Science Labs

There is a growing, glowing discussion about the usefulness of college science labs that was started with an anti-lab post by Steve Gimbel and responded to, with various degrees of pro-lab sentiment by Janet Stemwedel, Chad, Chad again, Chad yet again, Razib, Jeremy and RPM and numerous commenters on all of their posts (also check older posts on the topic by Sean Carroll and Janet). Of course, I felt a need to chime in. I teach labs, after all (and I took many as a student as well).

The core of the problem is the very existence of the institution we call 'college'.

Let me explain.

There is no such thing as college in most countries in the world. There is 1-12 education. And there is University. The 1-12 education is supposed to produce well-rounded citizens. University is supposed to produce experts and professionals. Different systems in different countries have varied success in achieving the two goals, and of course, the school systems are evolving everywhere all the time, so it is hard to pick one and call it typical. Perhaps we can pick one and call it "19th century German University model"...

I will take an example of my own background, from schools in old Yugoslavia (that has changed since then, too, but I don't know the details). By the time I graduated from the 12th grade I hade under my belt:

12 years of 'Serbo-Croatian language and world literature', 12 years of English as a foreign language and 4 years of French as a second foreign langauge.

12 years of math, including algebra, geometry, calculus, some formal logic, etc.

12 years of PE, 10 years of art (including some history and theory) and 10 years of music (including some history and theory).

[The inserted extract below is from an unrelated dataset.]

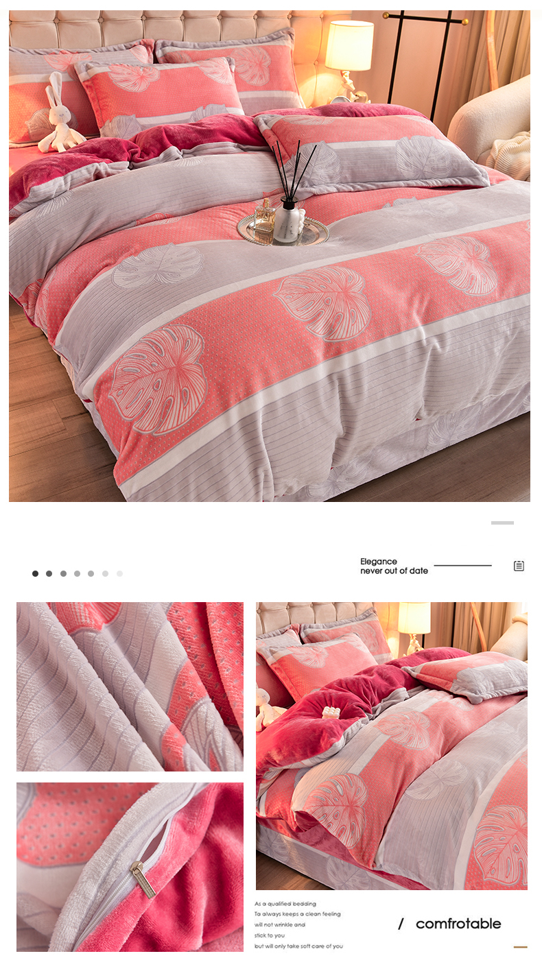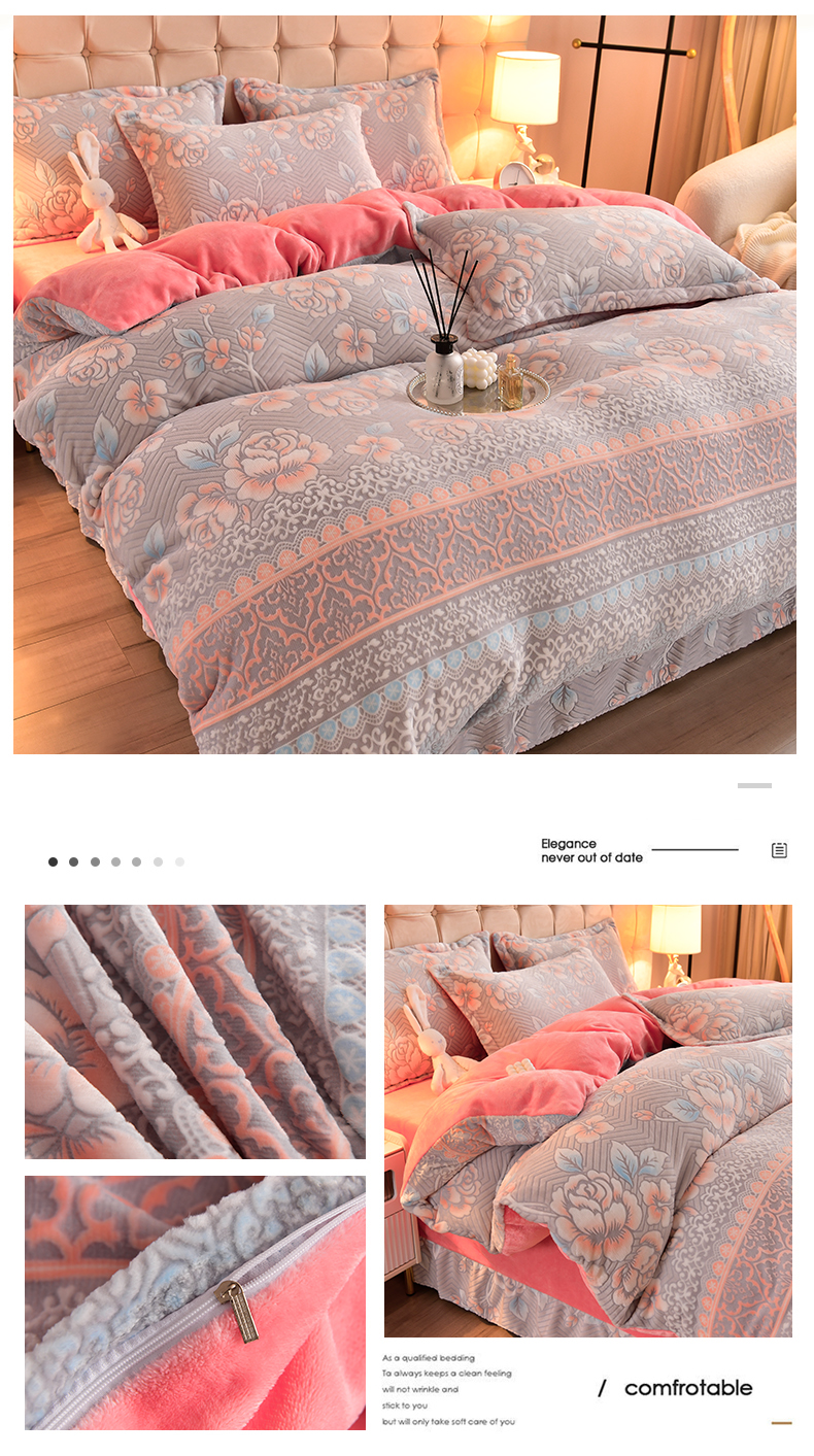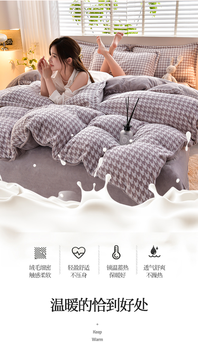 (总)畅畅家纺 2024新款高克重加厚保暖冬季牛奶绒纯色床盖款四件套,豆沙,灰色,天蓝,玉色,中国红

2 years (the last two in high school) of 'Defense and Protection' (a small country cannot afford a professional army - all citizens are part of defense, including kids, and everyone needs to know how the defense is organized, what to do in case of attack, and how to fire a rifle with some precision); 2 years (the last two in high school) of civics, which, in a socialist country, had an official title of "Marxism and the Essentials of Socialist Workers' Self-management", which, just like theology classes which replaced them later, are the most boring and hated classes of all.

2 years of "Natural and Social Science" (grades 1 and 2), 2 years of "Natural Science" and "Social Science" as separate classes (grades 3-4), 8 years of history, 6 years of geography (which included not just political geography of the world, Europe and Yugoslavia in 6th, 7th and 8th grade respectively, but also basics of cosmology, astronomy, earth, marine and atmospheric science), 6 years of Technology (from woodworking through computers - punchcards at that time in history - from business management to economics).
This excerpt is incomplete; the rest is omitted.